Sunday, September 23, 2007

Cruising to Corvallis

It's one of those silly things. You have good friends, people you've known for years through kids, work, church, whatever. They only live an hour-and-a-half drive away, but somehow that seems like a really long way to go. (I can hear you folks outside the metro area saying, "What? We drive an hour-and-a-half to the dentist!") And you just never make the time to get in the car and get your complacent butts out of the city.

On the left, Marys River* as it flows into the Willamette just south of downtown Corvallis and (right) a new condo/retail development along the Riverfront Park walkway.

But sometimes you actually get yourselves in the car and go see those friends. So, of course, that's just what we did on a recent weekend at the end of summer, and we had a great time visiting and getting a personal guided tour of their hometown of Corvallis. First up was a short walk along the new award-winning Corvallis Riverfront Park to the local farmers market. Along the way are great art installations, including this vintage movie marquee from the Midway Theatre, a former local landmark. And instead of first-run features, it now showcases poetry, this one by Freda Fredricksen:

At
last
buds appear
sky still grey

war's sorrow never clears quickly
the world wants peace, blue skies, and spring.

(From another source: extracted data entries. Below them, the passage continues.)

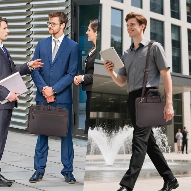 Slim Leather BriefcaseUltra thin in 2.2 thick, the leather 14 laptop bags are minimalist. Its classic design is nice for businessmen, lawyers, attorneys, executives as professional top-handle brief cases, business laptop bags, or daily commuting work bags for customer visiting, office work, business meeting.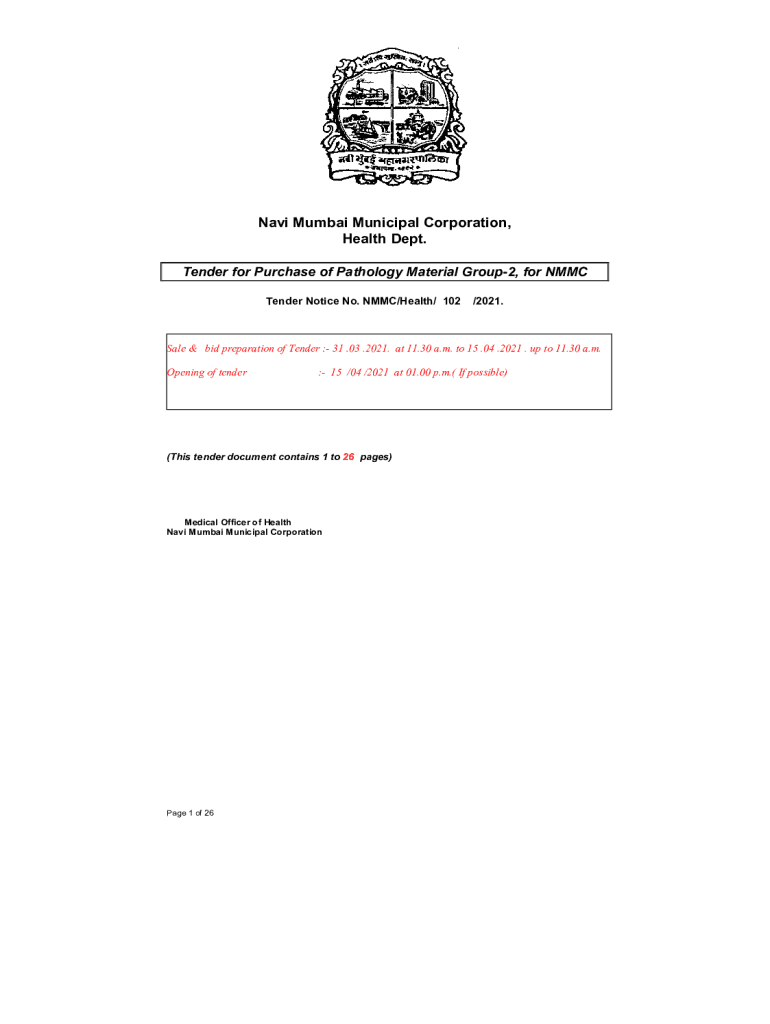 Navi Mumbai Municipal Corporation, Health Dept. Tender for Purchase of Pathology Material Group2, for MMC Tender Notice No. MMC/Health/ 102/2021. Sale & bid preparation of Tender : 31 .03 .2021. At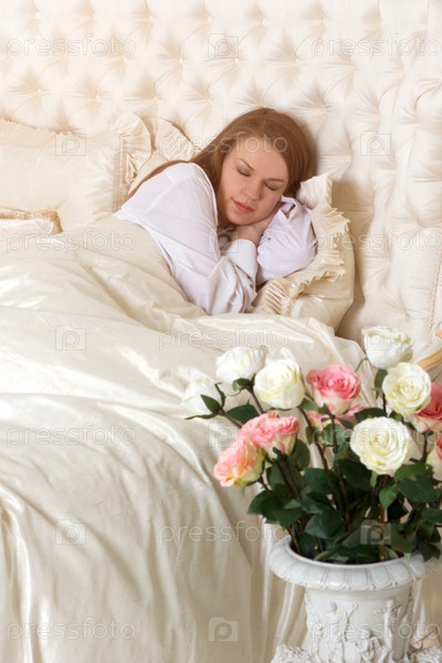 Спящая женщина в постели с розами

The market is overrun with the last surge of the summer's harvest, tables laden with red, yellow, green and purple peppers, and baskets bulging with squash, mushrooms, cabbage and greens. There's an air of conviviality, with neighbors greeting each other and admiring the day's purchases, and waving at vendors who also taught their kids social studies in high school.

For you history trivialists, the city was originally called Marysville after the Marys* River that flows south of town, and was briefly the capital of the Oregon Territory in 1855. It was renamed Corvallis after the American-French "Coeur de Vallis" or "Heart of the Valley."

The building on the left housed the original capitol of the Oregon Territory, and the curious interior courtyard on the right is the home of the Old World Deli and Oregon Trail Brewing.

But of more concern to us after all the sightseeing and walking was where we'd have lunch, so our friends walked us through downtown and into The Old World Deli, also home to the Oregon Trail Brewing Company. This funky-but-fun place usually has anywhere from three to five beers on tap at any one time and a full complement of large and filling deli sandwiches, which hit the spot perfectly, and we were regaled with tales of Mr. A's pranks as a young man working in a cannery. You really don't want to know, but I can tell you it involved something other than what was supposed to have been pears in heavy syrup.

After strolling back to our friends' place, we took their 8-month-old, 75-lb. chocolate lab puppy to large and beautiful Avery Park on the Marys River for a late afternoon swim (the dog, not us). A quick change back at their house and we were ready to head out for dinner at Magenta, advertised as "an organic asian fusion restaurant."

Now, I'm normally not a big fan of most fusion cooking. I like my cuisines pretty clearly delineated, though most ethnic food served in this neck of the woods makes concessions to what is available locally, much like early Italian immigrants made do with what they found here. But this place features fresh, local ingredients like beef, lamb and elk with subtle nods toward Asia. We started with cocktails from a house menu of tropically-themed but not froo-froo drinks that were well-mixed and refreshing, along with an appetizer of Vietnamese coconut pancake balls with King crab and kaffir lime crême, an unusual but stunning take on the fried foods found at street stalls in that country.

The banana leaf-wrapped wild salmon in fresh dill coconut curry that I ordered was a good-sized piece of fillet, moist and tender. The choice of a disk of polenta on the side was odd and the sautéed vegetables that accompanied it were fairly innocuous. But as a whole the experience was a good one, with attentive, friendly service and busy-but-not-too-loud sound level.

So to sum up? As I said before, get your backsides in the car and get out of town. You might just enjoy the experience!

* For you copyeditors (or wannabe nitpickers out there) there is no apostrophe. Check it out on the wiki.

2 comments:

Anonymous said...

KAB and her beloved will return; many places remain unexplored in and around Corvallis!

[HINT: A bistro by the name of Sybaris!]

Kathleen Bauer said...

We'll definitely be back. Especially with our own private tour guides to give us the inside scoop!